I'll do this in two steps. Step one will convert the beta integral into an integral involving powers of sine and cosine. Step two will be to write \Gamma(a) \Gamma(b) as a product of two integrals, do a change of variables and convert to an improper integral on the first quadrant. Then I'll convert to polar coordinates to show that this integral is equal to \Gamma(a+b) \beta(a,b)

Step one: converting the beta integral to a sine/cosine integral. Limit t \in [0, \frac{\pi}{2}] and then do the substitution x = sin^2(t), dx = 2 sin(t)cos(t) dt . Then the beta integral becomes: \int_0^1 x^{a-1}(1-x)^{b-1} dx = 2\int_0^{\frac{\pi}{2}} (sin^2(t))^{a-1}(1-sin^2(t))^{b-1} sin(t)cos(t)dt = 2\int_0^{\frac{\pi}{2}} (sin(t))^{2a-1}(cos(t))^{2b-1} dt

Step two: transforming the product of two gamma functions into a double integral and evaluating using polar coordinates.
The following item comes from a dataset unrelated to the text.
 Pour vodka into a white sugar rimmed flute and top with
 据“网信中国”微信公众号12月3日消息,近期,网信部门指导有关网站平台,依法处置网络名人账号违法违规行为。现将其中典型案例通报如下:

Write \Gamma(a) \Gamma(b) = \int_0^{\infty} x^{a-1} e^{-x} dx \int_0^{\infty} y^{b-1} e^{-y} dy

Now do the conversion x = u^2, dx = 2udu, y = v^2, dy = 2vdv to obtain:

\int_0^{\infty} 2u^{2a-1} e^{-u^2} du \int_0^{\infty} 2v^{2b-1} e^{-v^2} dv (there is a tiny amount of algebra involved)

From which we now obtain

4\int^{\infty}_0 \int^{\infty}_0 u^{2a-1}v^{2b-1} e^{-(u^2+v^2)} dudv

Now we switch to polar coordinates, remembering the rdrd\theta that comes from evaluating the Jacobian of x = rcos(\theta), y = rsin(\theta)
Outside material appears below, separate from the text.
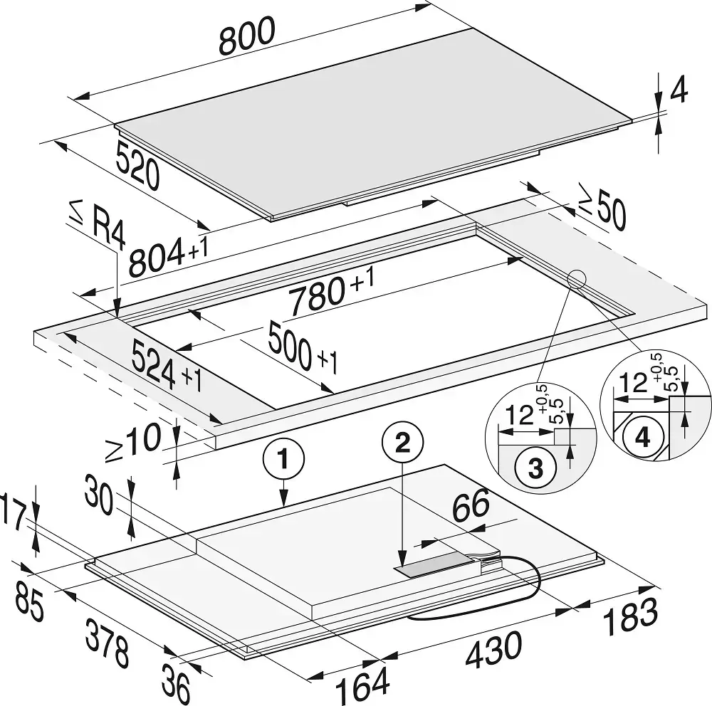 Габариты 806×527 мм, вырез 750×490 мм. Мощность 7,7 кВт — линия 380 В или 220 В 32 А. Сборка Miele (Германия). Brera — авторизованный дилер Miele: гарантия 2 года, доставка и подключение сертифицированным мастером Miele в Москве включены в стоимость.

4 \int^{\frac{\pi}{2}}_0 \int^{\infty}_0 r^{2a +2b -1} (cos(\theta))^{2a-1}(sin(\theta))^{2b-1} e^{-r^2} dr d\theta

This splits into two integrals:

2 \int^{\frac{\pi}{2}}_0 (cos(\theta))^{2a-1}(sin(\theta))^{2b-1} d \theta 2\int^{\infty}_0 r^{2a +2b -1}e^{-r^2} dr

The first of these integrals is just \beta(a,b) so now we have:

\Gamma(a) \Gamma(b) = \beta(a,b) 2\int^{\infty}_0 r^{2a +2b -1}e^{-r^2} dr

The second integral: we just use r^2 = x \rightarrow 2rdr = dx \rightarrow \frac{1}{2}\frac{1}{\sqrt{x}}dx = dr to obtain:

2\int^{\infty}_0 r^{2a +2b -1}e^{-r^2} dr = \int^{\infty}_0 x^{a+b-\frac{1}{2}} e^{-x} \frac{1}{\sqrt{x}}dx = \int^{\infty}_0 x^{a+b-1} e^{-x} dx =\Gamma(a+b) (yes, I cancelled the 2 with the 1/2)

And so the result follows.

That seems complicated for a simple little integral, doesn’t it?

August 28, 2017

Integration by parts: why the choice of “v” from “dv” might matter…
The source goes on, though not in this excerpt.